In the many times I’ve returned to Ocean City since the summer of 1969 when I worked there as a desk clerk, I never had the urge to revisit the hotel and reflect on back then. As much as the idea of working at the beach might be romanticized, it was an unhappy time in my life when I felt cut loose from everything that made me feel secure. On this visit the doors of memory were flung open by the fact that from my chair in a restaurant across the street I found myself facing the attic window where I lived that summer. Looking at it over a period of time let the memories build and deepen, images of the other girls that worked there and lived in the same attic dormitory. We would sit by the fan in that window because everywhere else in the attic was stifling. The hotel was not air-conditioned then and the attic was the worst. Thinking about the music we played and roaming on the boardwalk late at night shifted my inclinations toward the sensations of then and the next morning I decided I’d walk over and peek in the lobby.
A woman was standing on the broad porch where the rocking chairs were once lined up. Not wanting to worry her when I approached I called out to ask if it was open. She shook her head no but I kept walking up the stairs saying. “I worked here in 1969. Do you mind if I peek in and see what it looks like now?”
She shrugged and backed off, a woman with very dark skin and very purple hair, she wasn’t sure what to make of me. Enjoying my role as old timer with stories from before she was born, I looked in the front window and immediately saw what I went on to tell her, a moment in history I hadn’t thought about in years.

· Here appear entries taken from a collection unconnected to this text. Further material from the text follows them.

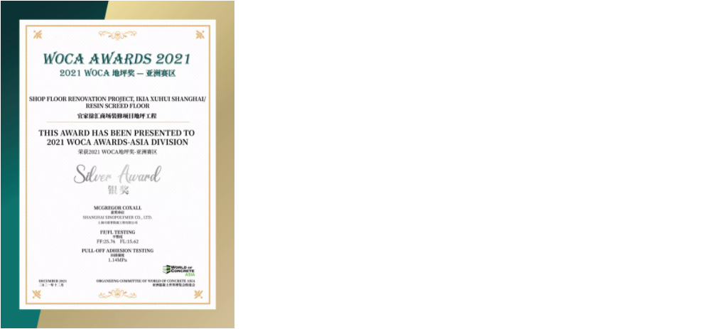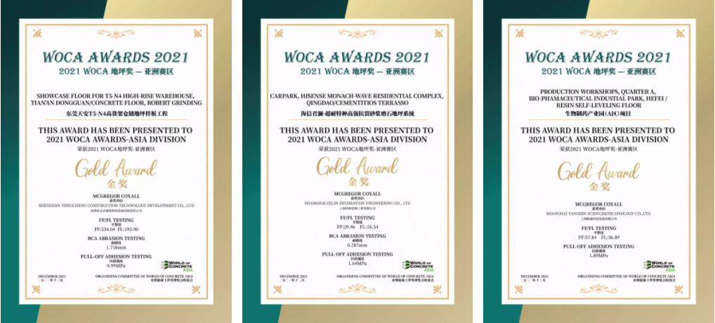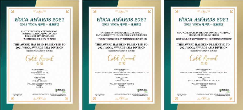 經(jīng)過對多個項目進行地坪檢測,三大類中13個優(yōu)秀項目獲得了2021 WOCA 地坪獎(WOCA AWARDS)-亞洲賽區(qū)的榮譽。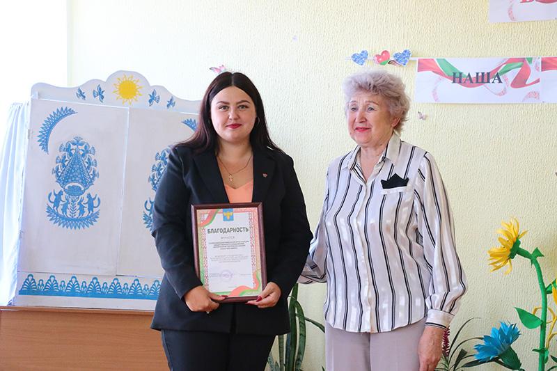 За поддержку и активное сотрудничество с Климовичским районным объединением профсоюзов Алеся Котова вручила Наталье Судиловской Благодарственное письмо, адресованное районному комитету Союза молодежи.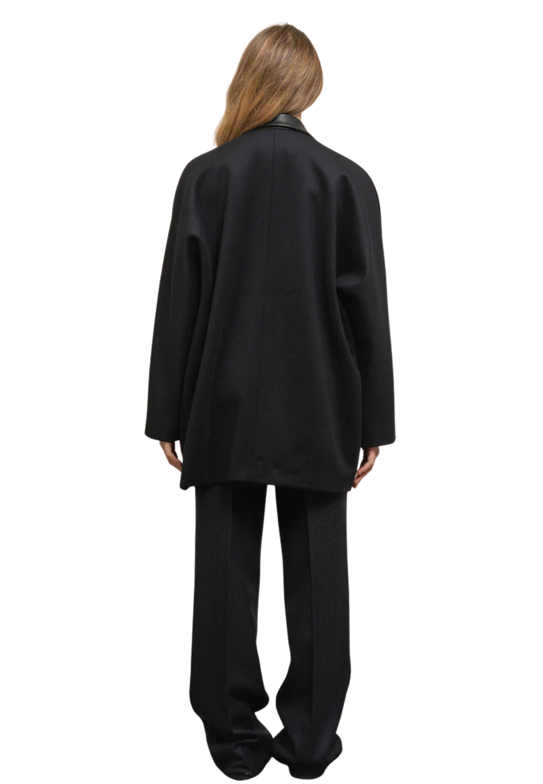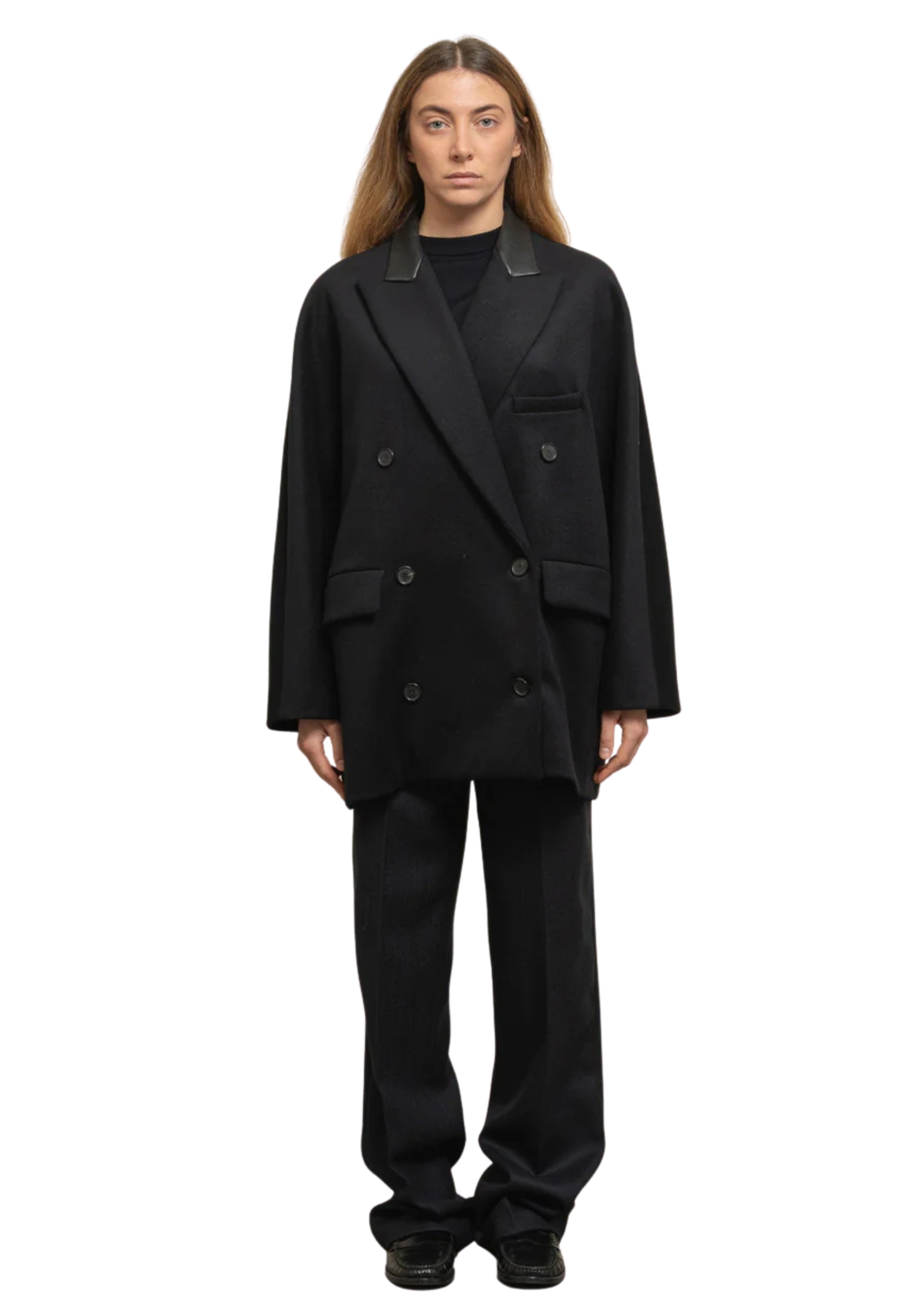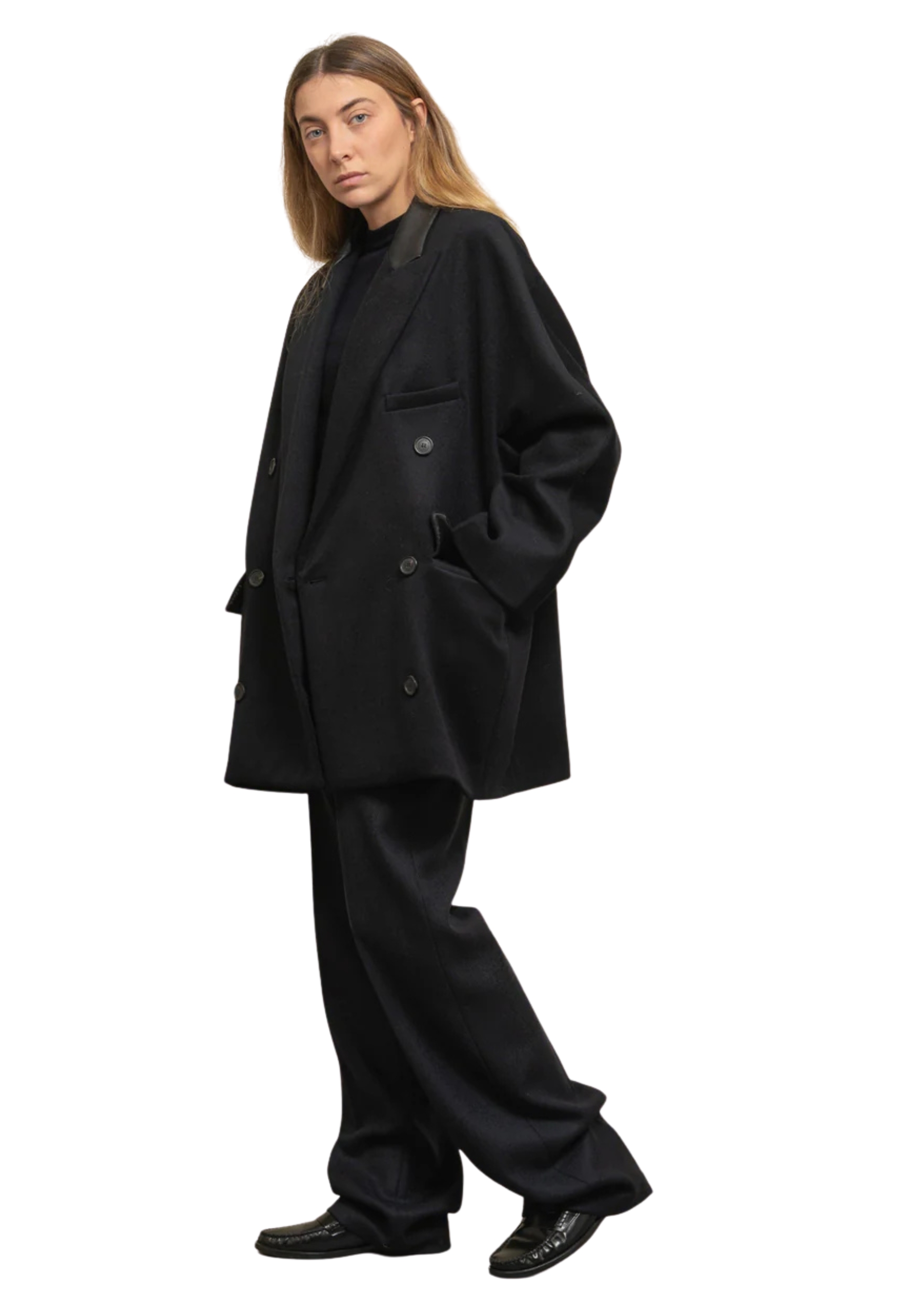 Caban over double-breasted in black cloth. Interior fully lined, straight cut, over-neck in eco-leather, lance revers, two skating pockets and one threaded front, front closure with personalized buttons, straight background

“I saw the first man step on the moon right there.” And pointed to the front corner of the lobby. “I stood right behind that counter and watched it on the only television in the whole hotel. People from all over the boardwalk had crowded in with the hotel guests to see it. And when it happened everybody cheered. It was a moment everybody felt together in a national achievement. My heart pumps faster now when I go there in my mind, see the grainy back and white picture, me standing on a chair so I could see over the crowd. Because going to the places in life’s picture reignites the experience with the feelings. I must have been smiling the smile of there and then because the woman was smiling and nodding with me.
I felt really good when I headed back to my hotel, so many things I hadn’t thought about in years, how the events from history weave into the personal tapestry and the richness of detail that could be tapped at each location. With time’s distance, my loneliness that summer was an abstraction I no longer felt, eclipsed by the shared moment just so recently reinforced.